START INFORMATION
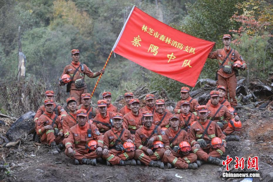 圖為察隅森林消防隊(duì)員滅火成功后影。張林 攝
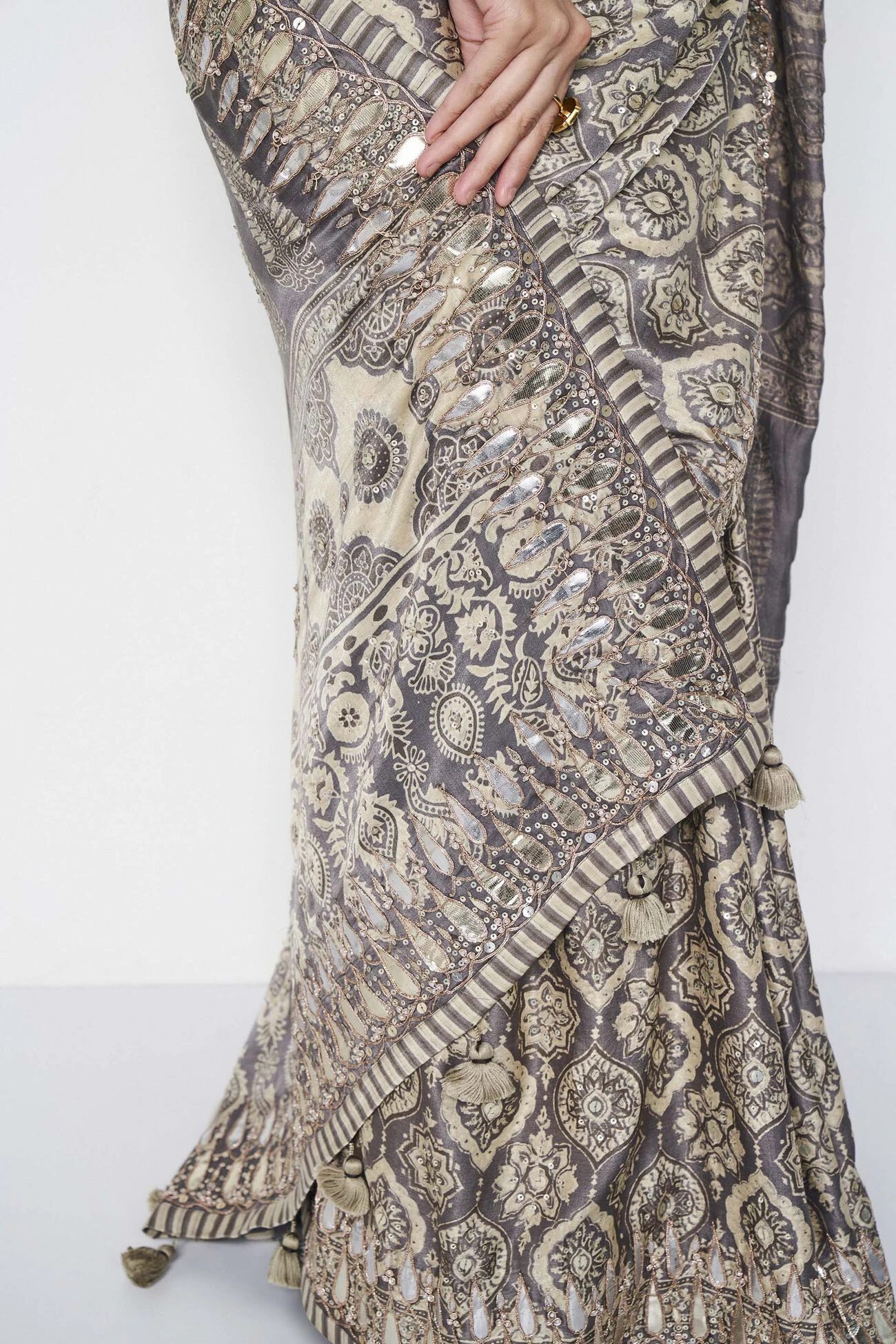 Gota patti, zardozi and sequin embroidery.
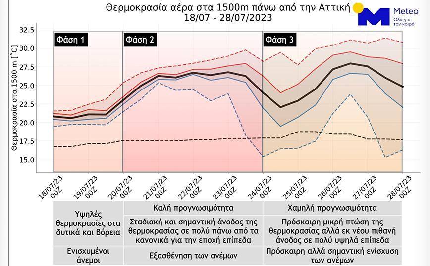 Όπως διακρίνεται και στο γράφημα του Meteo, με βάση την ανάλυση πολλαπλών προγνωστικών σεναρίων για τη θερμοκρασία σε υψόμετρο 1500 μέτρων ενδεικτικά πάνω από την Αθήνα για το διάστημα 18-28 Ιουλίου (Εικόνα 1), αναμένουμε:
END INFORMATION
START INFORMATION
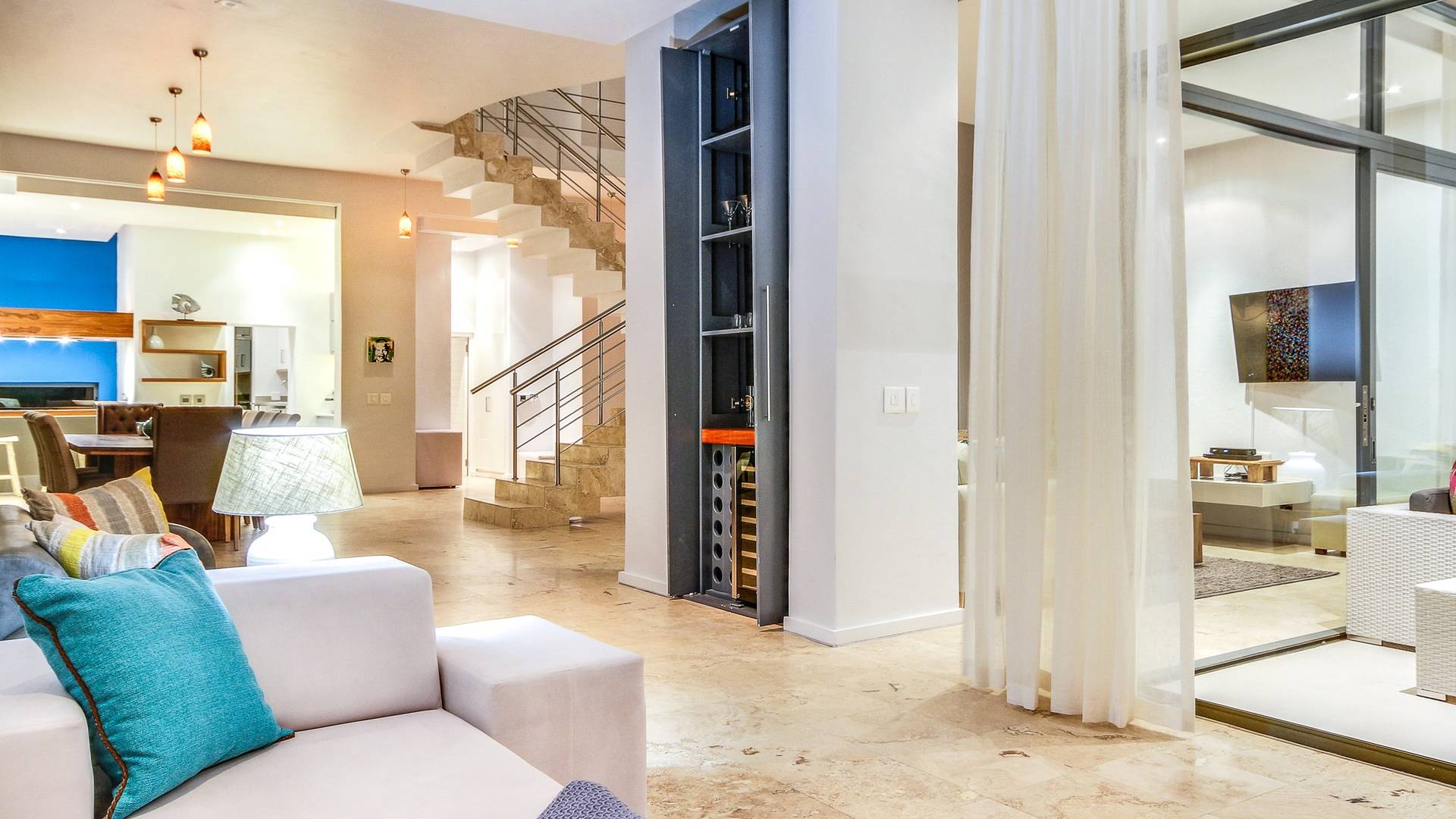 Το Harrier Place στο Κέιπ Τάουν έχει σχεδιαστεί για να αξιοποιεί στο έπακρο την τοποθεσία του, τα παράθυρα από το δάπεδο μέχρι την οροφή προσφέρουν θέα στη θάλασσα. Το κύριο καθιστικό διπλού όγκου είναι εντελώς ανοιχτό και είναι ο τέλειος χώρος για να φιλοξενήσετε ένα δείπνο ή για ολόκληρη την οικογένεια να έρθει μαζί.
END INFORMATION
ACTION ITEM: In the listing above, find the line with "Gota patti, zardozi and sequin embroidery." and the line with "Όπως διακρίνεται και". Copy both of them and every line between, exactly, but not the pictures.

WORKED SOLUTION:
 Gota patti, zardozi and sequin embroidery.
 Όπως διακρίνεται και στο γράφημα του Meteo, με βάση την ανάλυση πολλαπλών προγνωστικών σεναρίων για τη θερμοκρασία σε υψόμετρο 1500 μέτρων ενδεικτικά πάνω από την Αθήνα για το διάστημα 18-28 Ιουλίου (Εικόνα 1), αναμένουμε:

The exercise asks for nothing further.